THE INTERESTS OF SHAREHOLDERS AND WORKERS ARE NOT THE SAME
On GKN’s website we are told that the company is “a global engineering business. Every time you travel by road or air almost anywhere in the world it is likely that GKN is helping you on your way. We design, manufacture and service systems and components for original equipment manufacturers around the world.” The company, which employs 58,000 globally and 6,000 in Britain, works with Airbus and Boeing on defence projects and supplies equipment to the RAF and the Army, whilst its automotive division supplies parts to around half the companies manufacturing cars and trucks. But right now all is not well with GKN.
Rumbling financial problems at the global company came to a head in the US aerospace sector when news broke at the end of 2017 that the company “would have to write off mountains of overvalued inventory and unpaid bills”, revealing a black hole in the company’s finances which has given shareholders the jitters. Subsequent panic-stricken management switches have failed to calm nerves, exposing the whole of GKN to a series of hostile bids from Melrose, a band of vulture capitalists.
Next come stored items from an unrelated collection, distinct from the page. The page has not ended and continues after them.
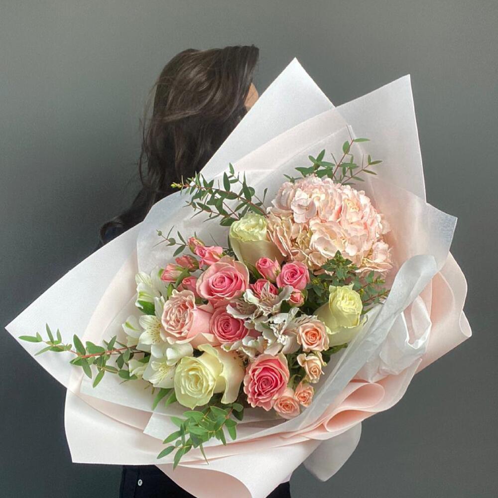 Гвоздики, Кустовые розы, Лизиантусы, Пионовидные розы, Розы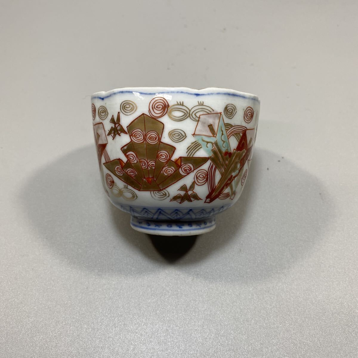 - [猫]1,000円〜スタート 色絵熨斗文中猪口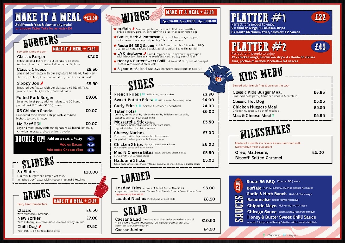 The Route 66 (Swindon) Menu offers a nostalgic yet vibrant slice of Americana right in the heart of Swindon, at 25-27 Wood Street. This diner-styled eatery is a homage to the legendary highway it’s named after, capturing the essence of classic American comfort food with a modern twist. From the moment you step inside, the retro decor and upbeat atmosphere set the tone for an authentic dining experience that’s both casual and memorable.

Melrose specialises in sniffing out businesses in trouble, breaking them up and selling parts quickly on. Unite calculate that if Melrose’s hostile bid succeeds GKN will end up over £1.3 billion in debt.
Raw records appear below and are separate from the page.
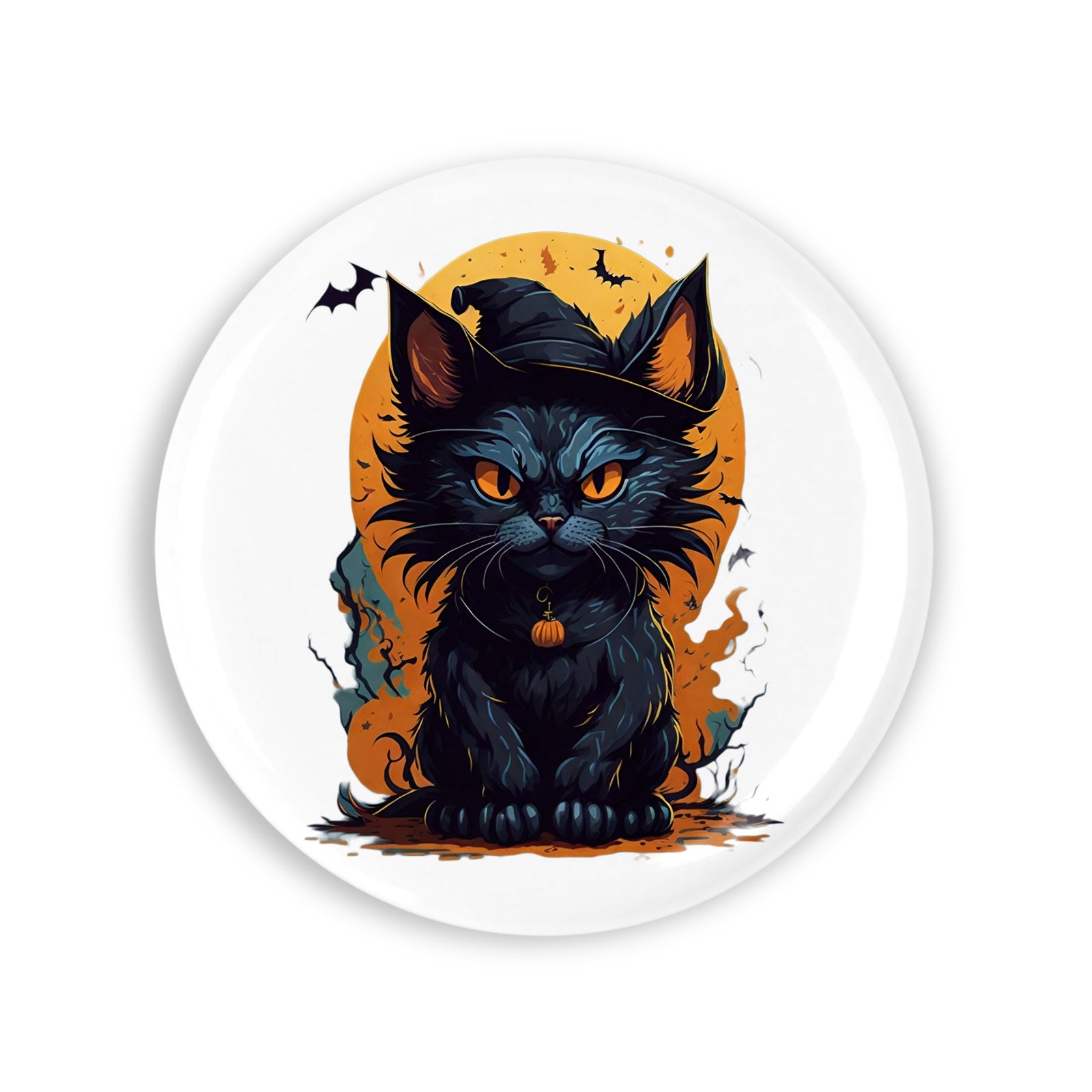 Set 4 insigne, Pisica halloween, NO6718, Metal, 44 mm, Multicolor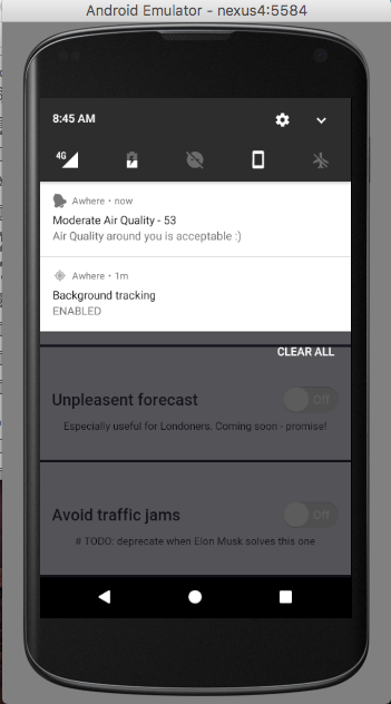 Awhere will make sure to notify you in scenarios that might be of interest. You might be suffering for a lung disease - awhere will notify you about air quality near you once it gets too bad. Is your skin sensitive ? - No problemo, awhere will tell you when you should stay indoors
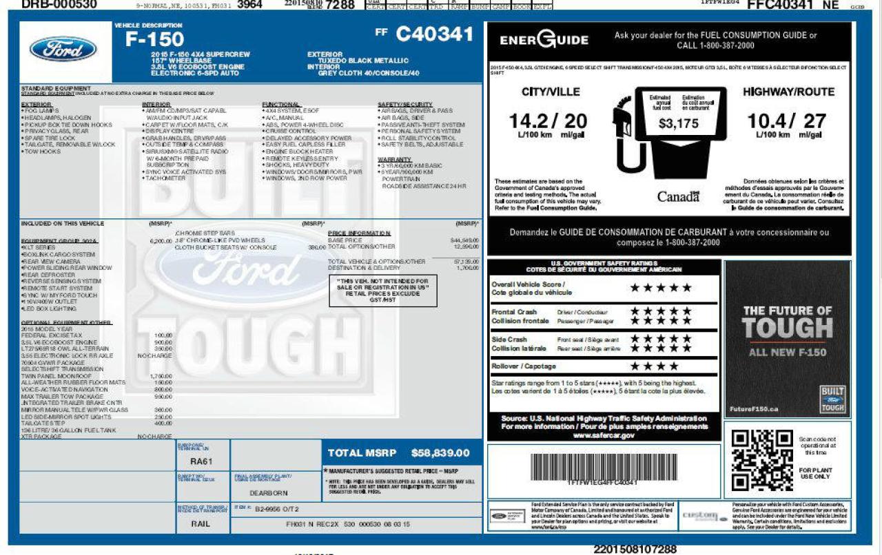 F 150 CREW CAB 4X4 ÉCOBOOST XTR FULL ÉQUIPÉ! TOIT OUVRANT, GPS, ECRAN TACTILE, CAMERA DE RECUL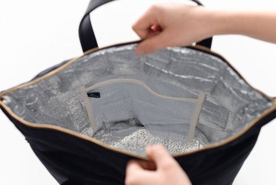 バッグの内側は、保冷効果のある素材でカバーされており、保冷剤を入れればおよそ3〜4時間ほど冷たさを保ってくれます。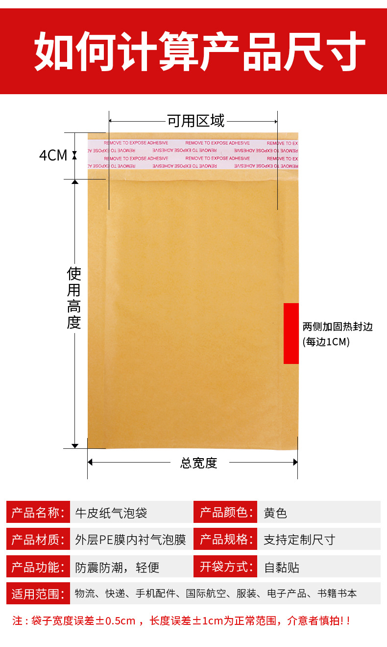 | 黄色牛皮纸气泡袋;13*26+4cm(300个/包) | ¥7500 | 999991件可售 |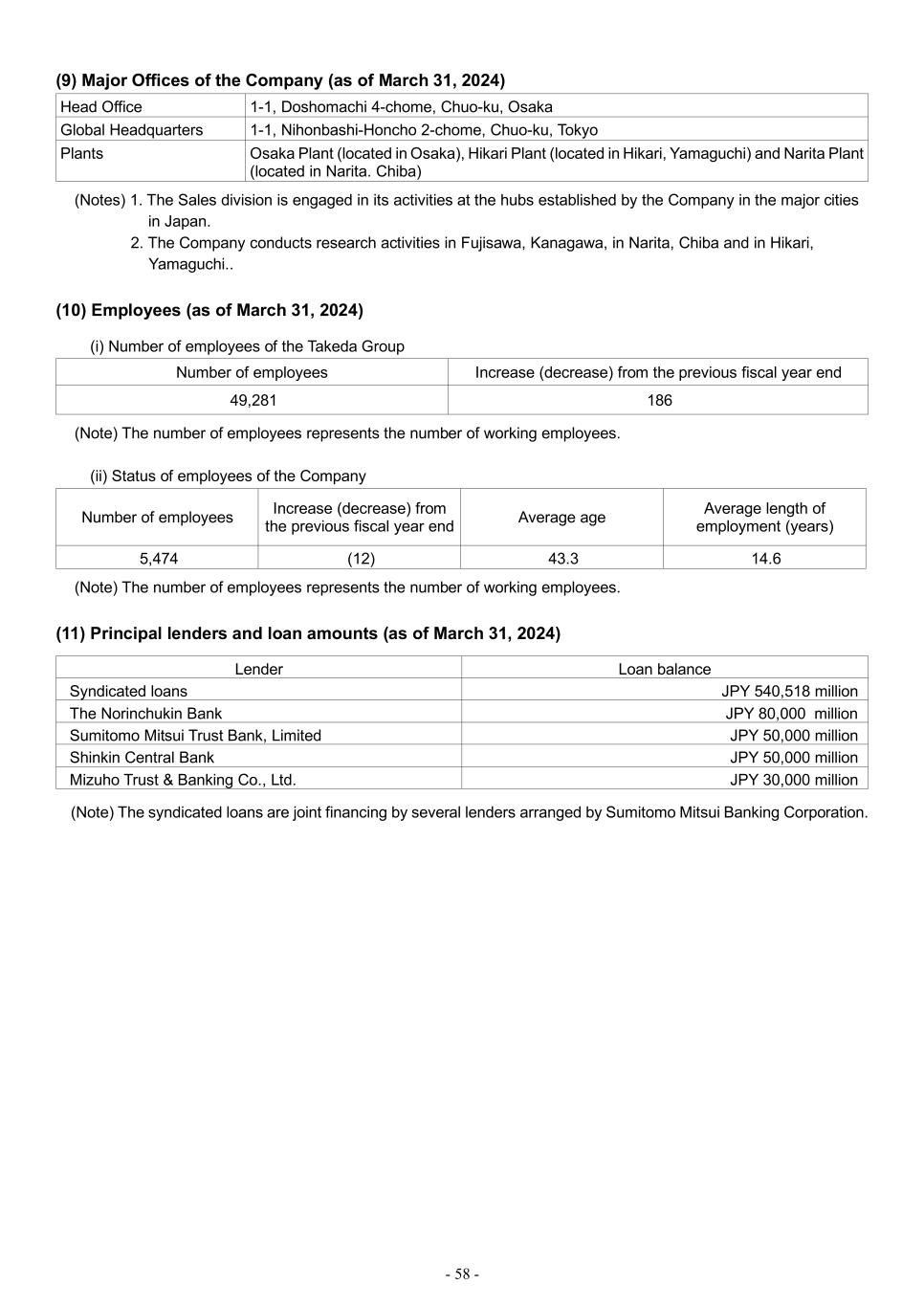 - 58 - (9) Major Offices of the Company (as of March 31, 2024) Head Office 1-1, Doshomachi 4-chome, Chuo-ku, Osaka Global Headquarters 1-1, Nihonbashi-Honcho 2-chome, Chuo-ku, Tokyo Plants Osaka Plant (located in Osaka), Hikari Plant (located in Hikari, Yamaguchi) and Narita Plant (located in Narita. Chiba) (Notes) 1. The Sales division is engaged in its activities at the hubs established by the Company in the major cities in Japan. 2. The Company conducts research activities in Fujisawa, Kanagawa, in Narita, Chiba and in Hikari, Yamaguchi.. (10) Employees (as of March 31, 2024) (i) Number of employees of the Takeda Group Number of employees Increase (decrease) from the previous fiscal year end 49,281 186 (Note) The number of employees represents the number of working employees. (ii) Status of employees of the Company Number of employees Increase (decrease) from the previous fiscal year end Average age Average length of employment (years) 5,474 (12) 43.3 14.6 (Note) The number of employees represents the number of working employees. (11) Principal lenders and loan amounts (as of March 31, 2024) Lender Loan balance Syndicated loans JPY 540,518 million The Norinchukin Bank JPY 80,000 million Sumitomo Mitsui Trust Bank, Limited JPY 50,000 million Shinkin Central Bank JPY 50,000 million Mizuho Trust & Banking Co., Ltd. JPY 30,000 million (Note) The syndicated loans are joint financing by several lenders arranged by Sumitomo Mitsui Banking Corporation.

Hoping to forestall this ignominious conclusion to an industrial career which began in the eighteenth century, GKN first announced plans to hive off its automotive division, then days later proposed that said division be merged with Dana, a company with which GKN had previously collaborated. Whilst some see this as a smart move by the GKN board, others caution that separating the automotive from the aerospace sector could weaken the ability of the latter to resist being snaffled up in a future hostile bid.
Undeterred Melrose made what it said was its final bid for the whole of GKN on 12 March, hoping to get support from key shareholders.
Whatever the fat cat shareholders decide about the Melrose bid, and whether or not the merger of GKN’s automotive business with Dana goes ahead, what is clear is that the fate of thousands of workers depends upon decisions being taken in boardrooms and back offices by unelected managers and bureaucrats and shareholders for whom nobody voted. These decisions can affect not only the jobs and pensions of those in Birmingham and the West Midlands, but also can have a knock-on effect on those working for plants relying on parts and systems supplied by GKN such as Toyota and Jaguar. This is the real face of British “democracy”, in which the lords of capital dictate the whole productive existence of society on a throw of dice.
Workers need to organise to defend their jobs, their pensions, their rights. Resistance to capitalism will flourish when it is fought out as class against class, not “British jobs” versus “foreign jobs”, and certainly not “national security” versus the world.